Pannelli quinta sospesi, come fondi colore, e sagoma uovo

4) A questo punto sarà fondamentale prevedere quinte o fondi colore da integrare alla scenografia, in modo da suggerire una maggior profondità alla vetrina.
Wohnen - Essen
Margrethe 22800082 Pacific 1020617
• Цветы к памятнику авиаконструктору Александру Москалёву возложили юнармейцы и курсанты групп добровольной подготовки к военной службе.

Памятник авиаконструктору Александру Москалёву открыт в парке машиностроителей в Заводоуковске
—————
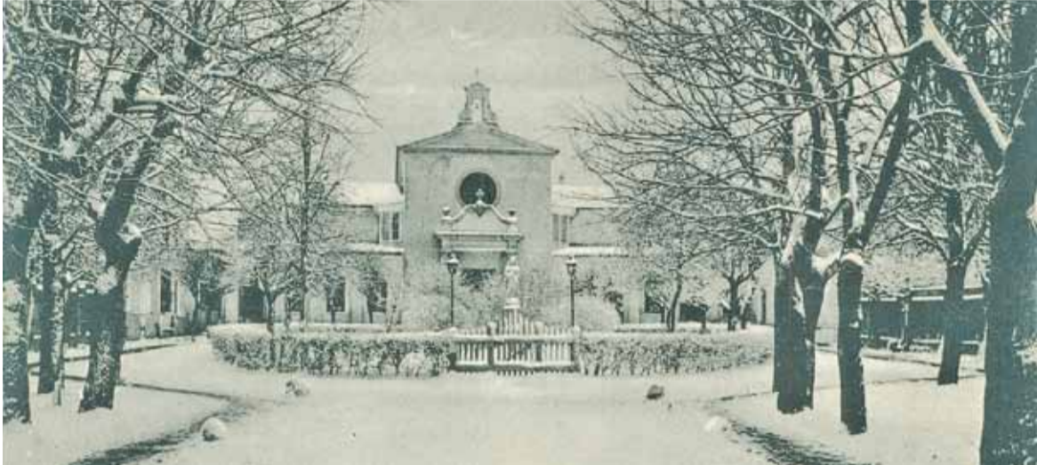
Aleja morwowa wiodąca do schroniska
—————
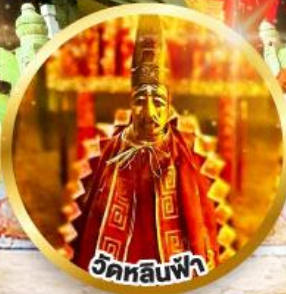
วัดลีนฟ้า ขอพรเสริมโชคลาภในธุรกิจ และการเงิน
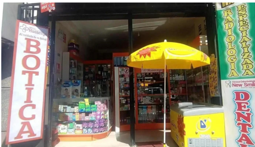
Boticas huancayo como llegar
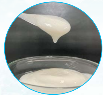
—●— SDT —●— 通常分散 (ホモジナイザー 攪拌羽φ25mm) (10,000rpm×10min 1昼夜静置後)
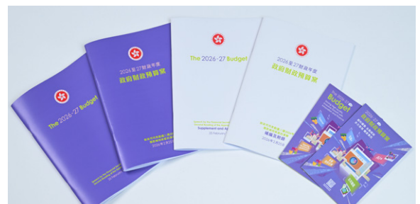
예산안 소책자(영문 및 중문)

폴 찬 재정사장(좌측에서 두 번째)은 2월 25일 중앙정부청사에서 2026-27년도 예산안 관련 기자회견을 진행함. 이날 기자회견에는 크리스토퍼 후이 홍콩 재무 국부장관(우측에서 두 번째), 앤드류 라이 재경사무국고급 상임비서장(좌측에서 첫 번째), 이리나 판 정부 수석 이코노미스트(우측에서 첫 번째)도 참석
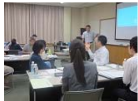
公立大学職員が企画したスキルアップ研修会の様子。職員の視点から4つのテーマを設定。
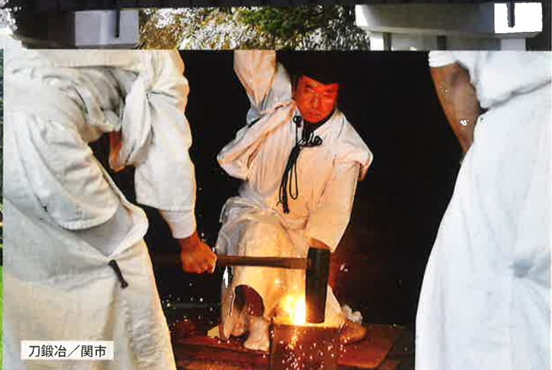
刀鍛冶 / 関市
—————
■ TASK PROMPT
Using only the entries above, output the line with "Pannelli quinta sospesi, come", the line with "Wohnen - Essen", and all lines between them, exactly as they stand.

■ SOLUTION TO THIS EXERCISE
Pannelli quinta sospesi, come fondi colore, e sagoma uovo

4) A questo punto sarà fondamentale prevedere quinte o fondi colore da integrare alla scenografia, in modo da suggerire una maggior profondità alla vetrina.
Wohnen - Essen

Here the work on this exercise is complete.